Input for this task →
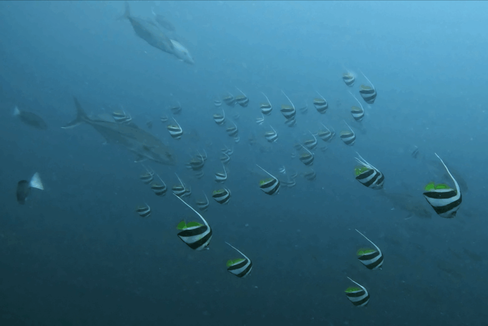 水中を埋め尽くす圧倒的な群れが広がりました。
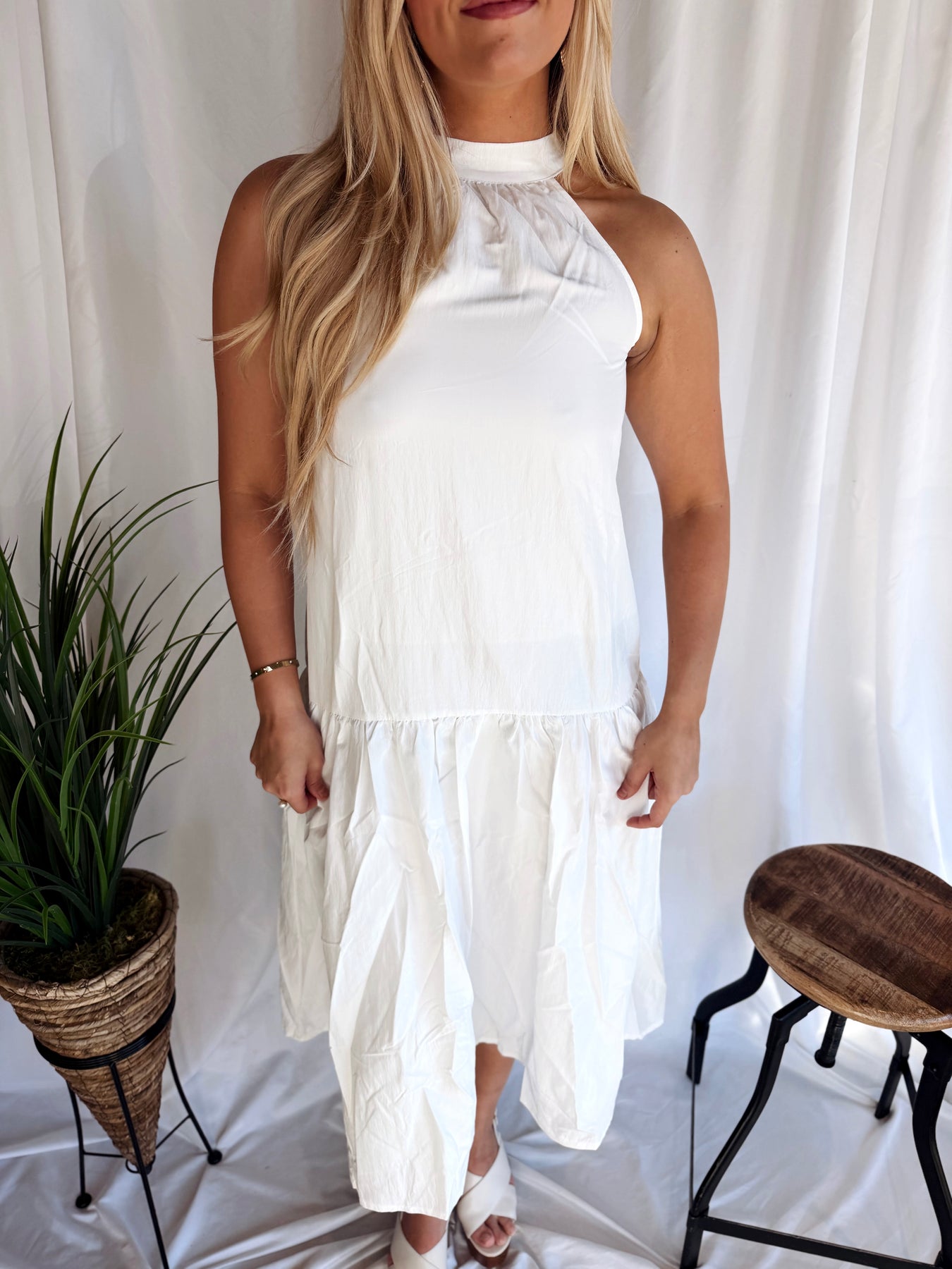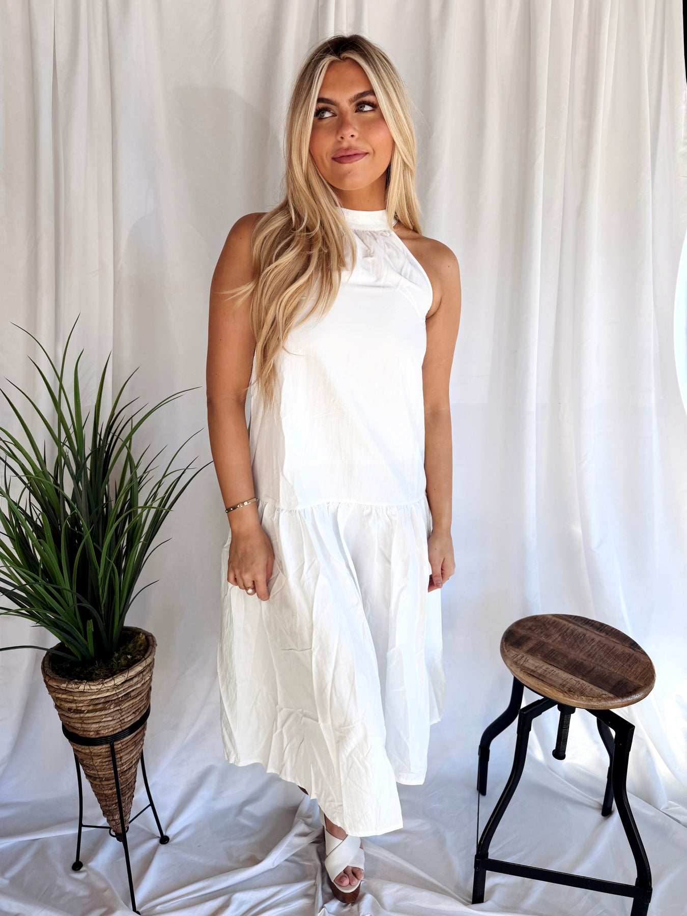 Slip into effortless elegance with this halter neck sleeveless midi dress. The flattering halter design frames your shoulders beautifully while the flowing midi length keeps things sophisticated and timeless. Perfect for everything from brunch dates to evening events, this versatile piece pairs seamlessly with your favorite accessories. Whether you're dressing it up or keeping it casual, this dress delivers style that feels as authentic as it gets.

...

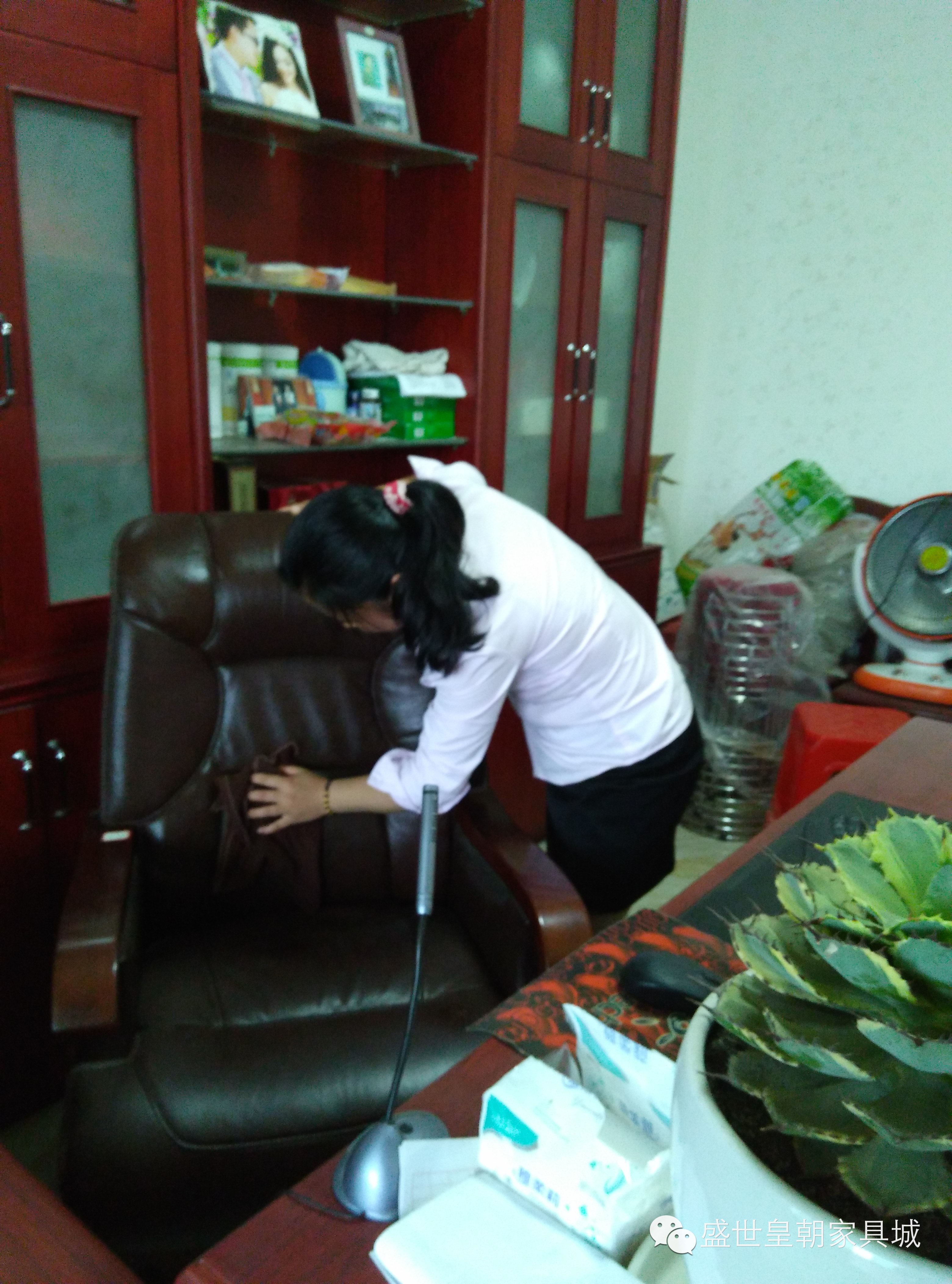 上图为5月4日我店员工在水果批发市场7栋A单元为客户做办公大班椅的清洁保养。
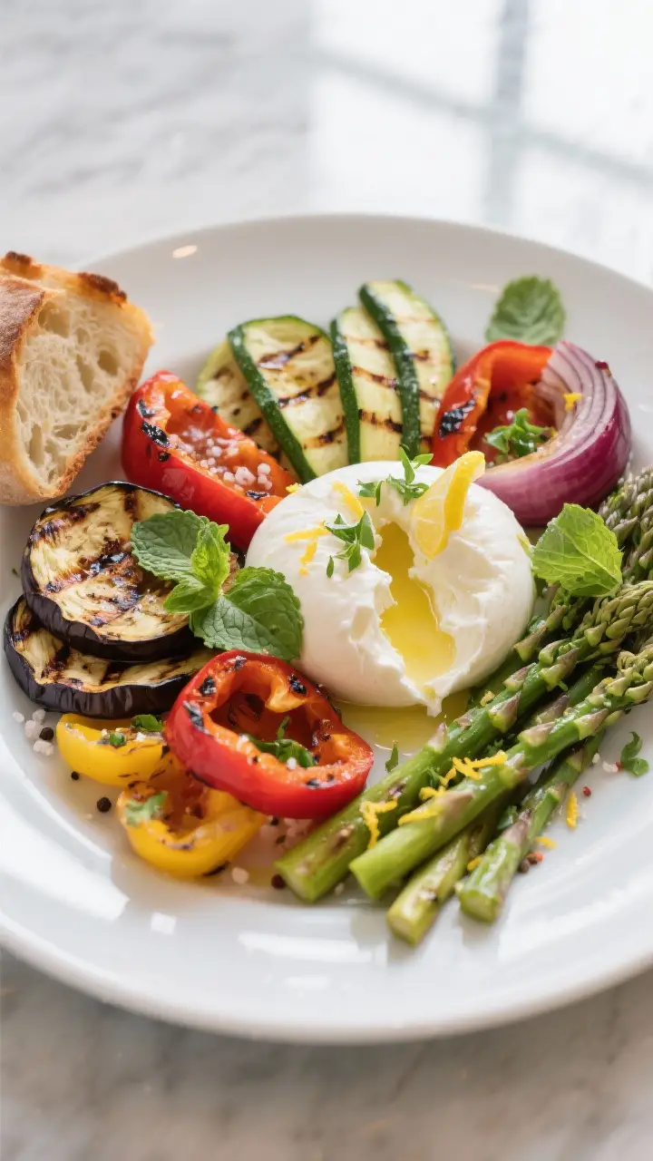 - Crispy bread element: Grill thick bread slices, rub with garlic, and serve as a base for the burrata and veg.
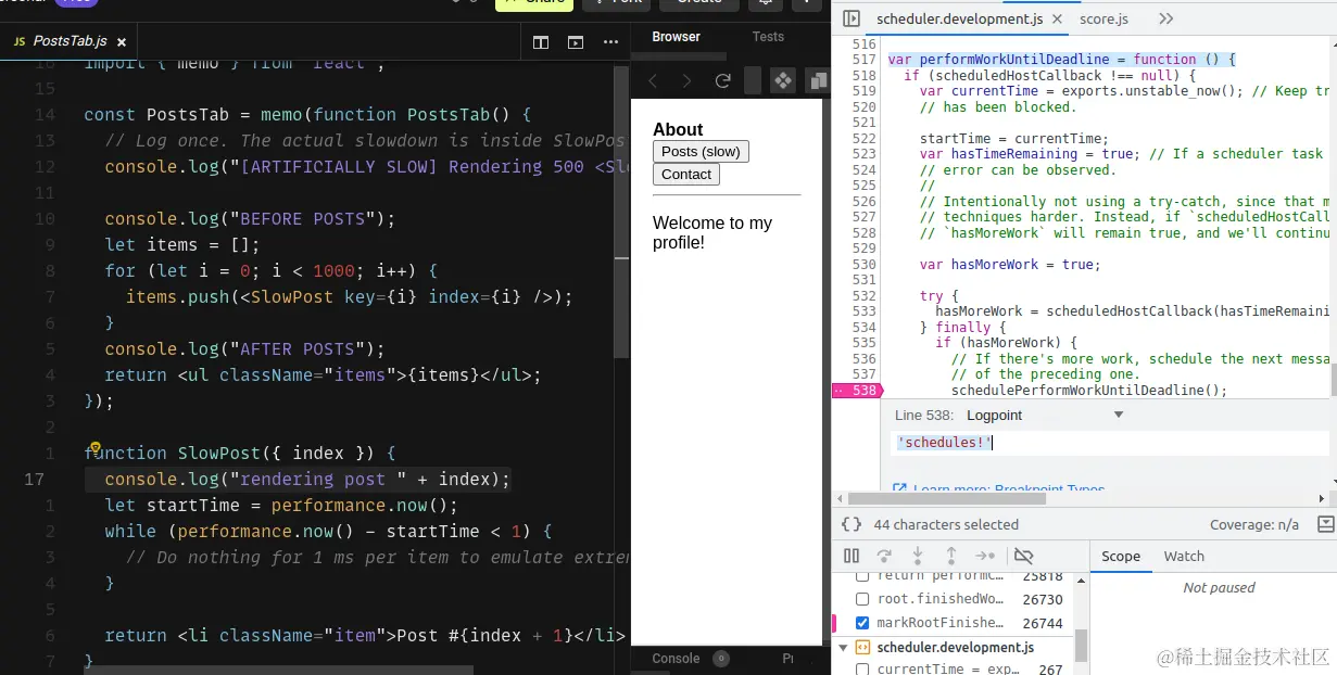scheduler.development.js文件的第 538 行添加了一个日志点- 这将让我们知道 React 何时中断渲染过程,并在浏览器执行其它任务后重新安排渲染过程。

Problem to work on →
Reproduce the listing above from the line that holds "水中を埋め尽くす圧倒的な群れが広がりました。" through the line that holds "Slip into effortless", both included, with the pictures left out.

Answer to the exercise →
 水中を埋め尽くす圧倒的な群れが広がりました。
 Slip into effortless elegance with this halter neck sleeveless midi dress. The flattering halter design frames your shoulders beautifully while the flowing midi length keeps things sophisticated and timeless. Perfect for everything from brunch dates to evening events, this versatile piece pairs seamlessly with your favorite accessories. Whether you're dressing it up or keeping it casual, this dress delivers style that feels as authentic as it gets.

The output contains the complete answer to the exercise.